# Fixing the tank?



## Zule (Jan 18, 2008)

I have a six gallon Eclipse acrylic tank that I want to use to rear some fry if I can successfully breed my spotted cories. Problem is, there is a small crack near the bottom that makes it impossible to fill up anywhere above halfway without water pressure making it leak. Is there any aquarium safe glue or epoxy that I could use in case it leeches into the water? And if so, is the tank even salvageable or should I quit while I'm ahead?

Any advice would be much appreciated. It's a nice tank and I don't want it to go to waste.


----------



## herefishy (Dec 14, 2006)

I think you are fighting a lost cause. Seal it as best you can and make a terrarium out of it. I have a gorgeous 45g "cube" tank that had the same problem, cracked bottom glass. After trying everything, and I mean everything, I gave up and put plants, poison arrow frogs, and anoles in it.


----------



## Zule (Jan 18, 2008)

I figured as much. It probably will end up being a terrarium. In fact, I had a praying mantis in it for a while. Made a nice habitat for a very interesting pet. 

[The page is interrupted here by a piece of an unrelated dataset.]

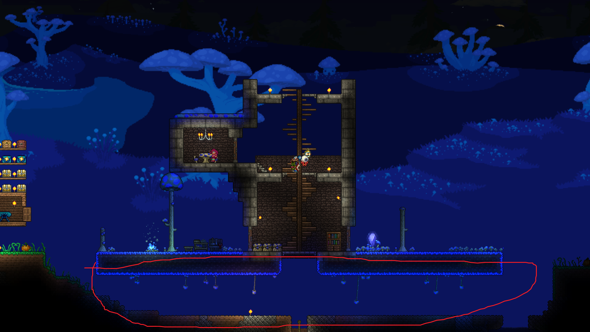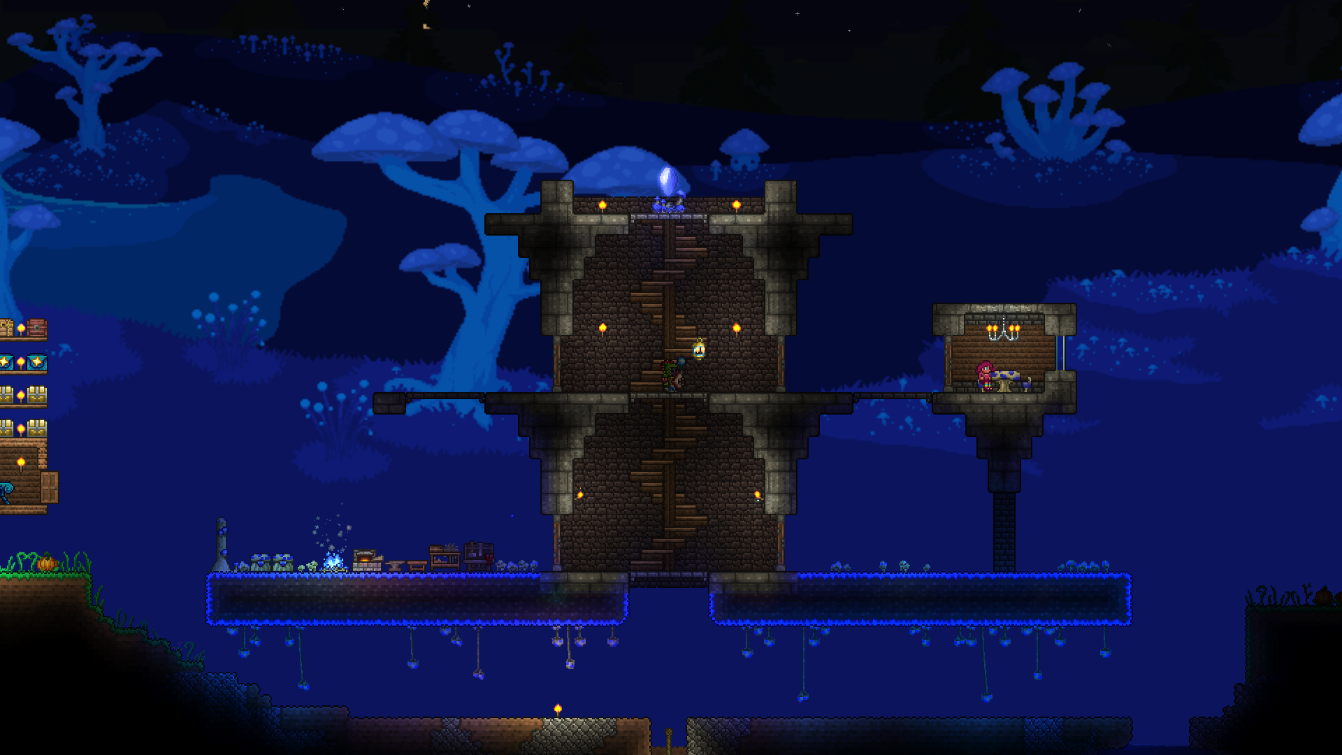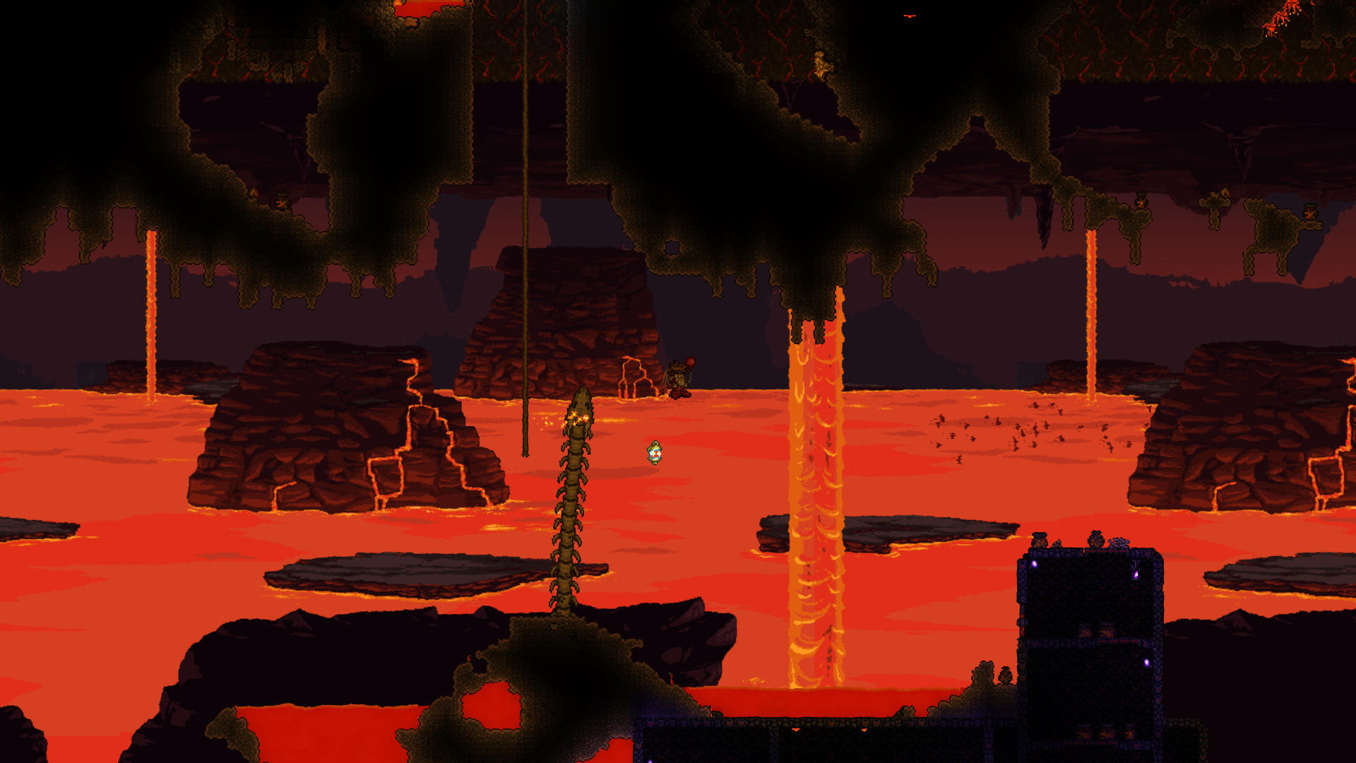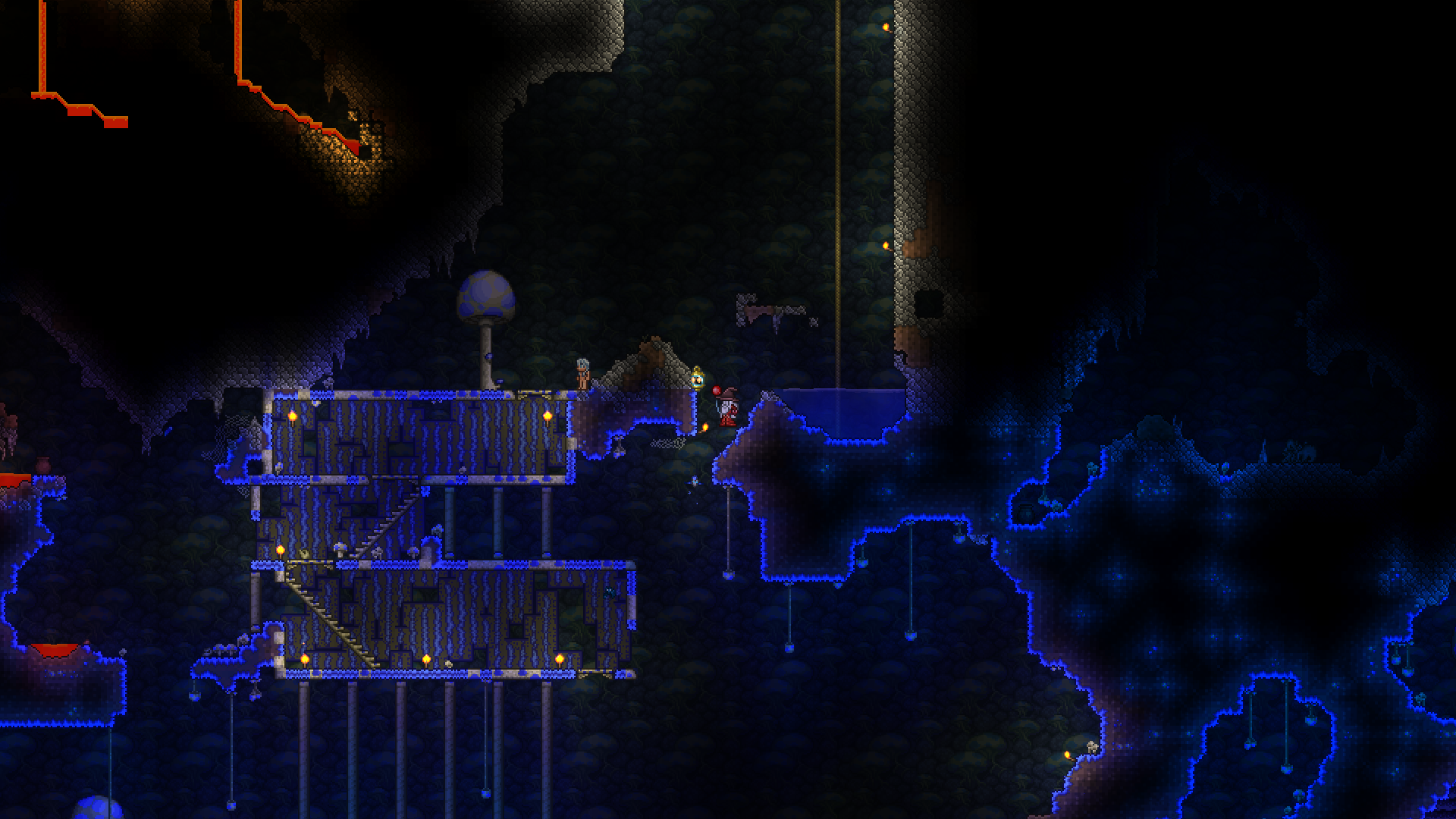 made a volcano farm in the corruption to farm for rotten chunks to then be able to farm eater of worlds. it is very profitable. have gotten the trophy from eater of worlds and might make a display room or something for it soon. should start studying for my exams so will probably wait with hardmode until i am done with those. also, you guys probably already knew this but lava fishing doesn't have to be done in the underworld. i felt really stupid when i realised that any decently sized lava pool suffices. i used to always dread lava fishing since the enemies in the underworld are so annoying, but this time around i was able to fish for the demon conch without any trouble and then make my shellphone. regarding the fishing spot in my jungle tree, i have been able to complete angler quests from it so it fills its purpose.>>542763773>>542779483>>542781095thanks for the praise!>>542775004looks great!

I offered it to my friend earlier this month for her mouse, but she didn't need it, so I figured I'd take one last whack at getting it running.


----------



## scottven (Nov 20, 2007)

Since it's acrylic, if you know exactly where the crack is, you could try putting some Weld-On into it (google to find the right flavor of it to use). That might work, but very well might not too.


----------